Egyptian warplanes killed 25 Islamist militants in North Sinai on Saturday after launching a series of airstrikes, secturit sources state, as the Egyptian President visited the province after a major escalation of the conflict there.
The sources said the air strikes hit militant targets near the town of Sheikh Zuweid, destroying weapons and explosives caches.
They also said security forces had found about half a tonne of explosives in a tunnel on the border between the Sinai and Gaza.
Egyptian President Abdel Fattah al-Sisi inspected soldiers and police in El-Arish, the provincial capital, on Saturday, the presidency said in statement.
Sisi, dressed in military garb for the first time since becoming president just over a year ago, told troops at least 200 militants had been killed in the fighting in recent days, but added: "For me to say that things are under control is not enough, things are totally stable."
"I tell Egyptians ... the size of forces here (in Sinai) is one percent of Egypt's army."
Militants launched a coordinated assault on military checkpoints in North Sinai on Wednesday, leading to day-long fighting which left more than 100 militants and 17 soldiers dead, the army said.
Egyptian air strikes killed 23 Islamist militants the next day, security sources said. Hours after Sisi's speech in El-Arish, Sinai Province said in a statement posted on Twitter it had attacked two army vehicles with two bombs in the area of Sheikh Zuweid.
Reuters could not verify the authenticity of the statement.
Security and medical sources said two people had been killed and one wounded when a rocket-propelled grenade, fired at security forces, hit a house in Sheikh Zuweid.
North Sinai is the epicentre of an insurgency in which an Islamic State-affiliated group called Sinai Province is most active. The Sinai Peninsula borders the Gaza Strip, Israel and the Suez Canal.
The insurgency, aimed at toppling the Cairo government, has intensified since the army ousted Islamist president Mohamed Morsi after mass protests against his rule in 2013.
Government officials have accused Morsi's Muslim Brotherhood of being linked to the recent Sinai attacks and a Cairo bomb that killed Egypt's top public prosecutor on Monday. The Brotherhood denies any involvement in violence.

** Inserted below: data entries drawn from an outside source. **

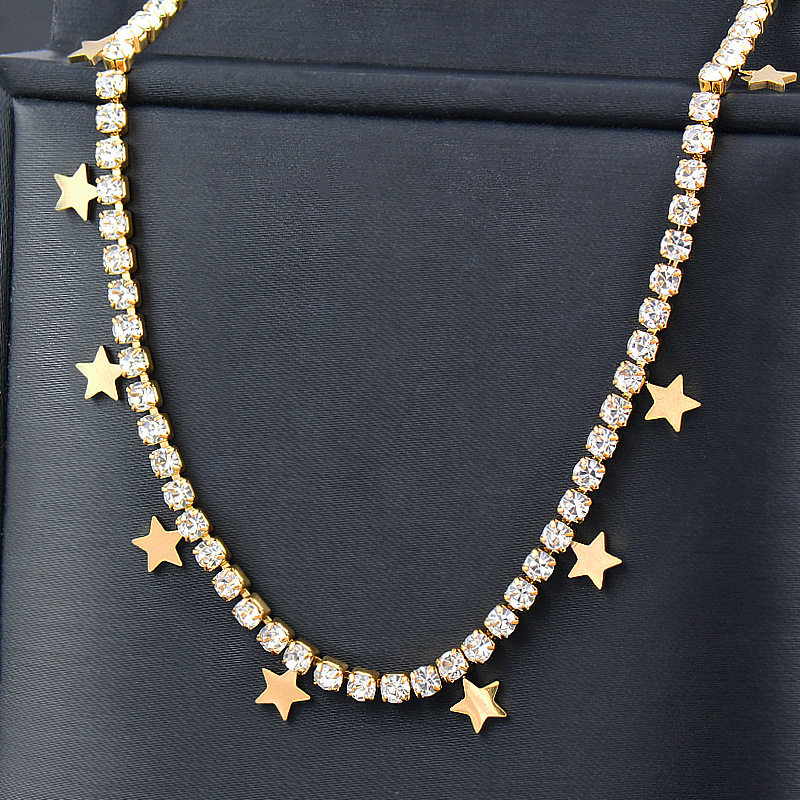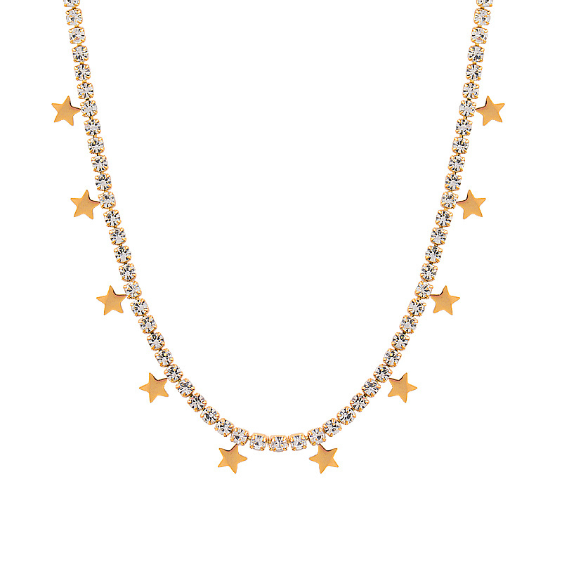 Colier model tip Tennis cu cham-uri in forma de stelute, pietre zirconiu, otel inoxidababil, placat cu aur 18K, inchidere clips, 45 cm, Tessero, argintiu
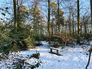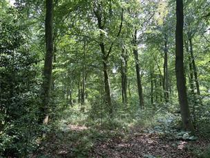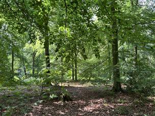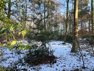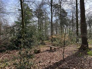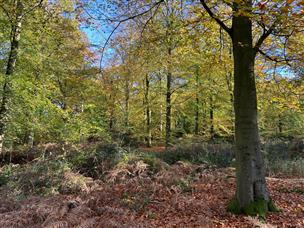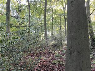 Lysander Copse is reached via a good stone track, to the ride-stop entrance where there is space to turn a vehicle. From this point, a path leads off amongst mature and beautiful beech and Scots pine trees, towards a rustic bench set in a small clearing. The wood also contains a few larch trees, the odd oak and sycamore as well as some rowan. Beneath the tall canopy, most of the shrub layer is comprised of holly bushes, which give the wood excellent privacy, along with a plethora of beech seedlings: the next generation. Across the floor are bracken ferns and blackberry, as well as mosses and woodland grasses.
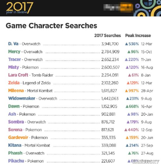 成人网站2017热搜游戏角色榜:DVa第一皮卡丘入榜2018-04-29游戏角色名
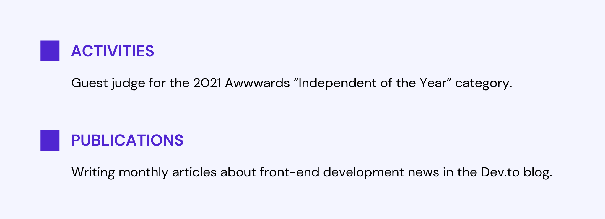 It’s best to take your time and effort to work on new projects. That way, you can list web development-related accomplishments that interest a hiring manager.
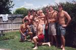 Last year, I wrote about Ray taking a break from his cross-country trip to (unexpectedly) attend my wedding. I finally dug through the box-o-memories and found these pictures. The first two are photographs from the wedding - a pre-ceremony pool party and the reception. The last two images are from one of Ray's famous picture postcards that he sent me afterwards.

"There is a clear coordination and synchronisation in all of the attacks recently carried out between the Brotherhood and its allies and affiliates," the Foreign Ministry said in a statement on Saturday.
On Friday, Sinai Province said in a statement posted on Twitter by supporters it had launched three Grad rockets towards "occupied Palestine". Reuters could not immediately verify the authenticity of the statements.
An Israeli military source said the rockets landed in Israel without causing any casualties and had been fired from Sinai.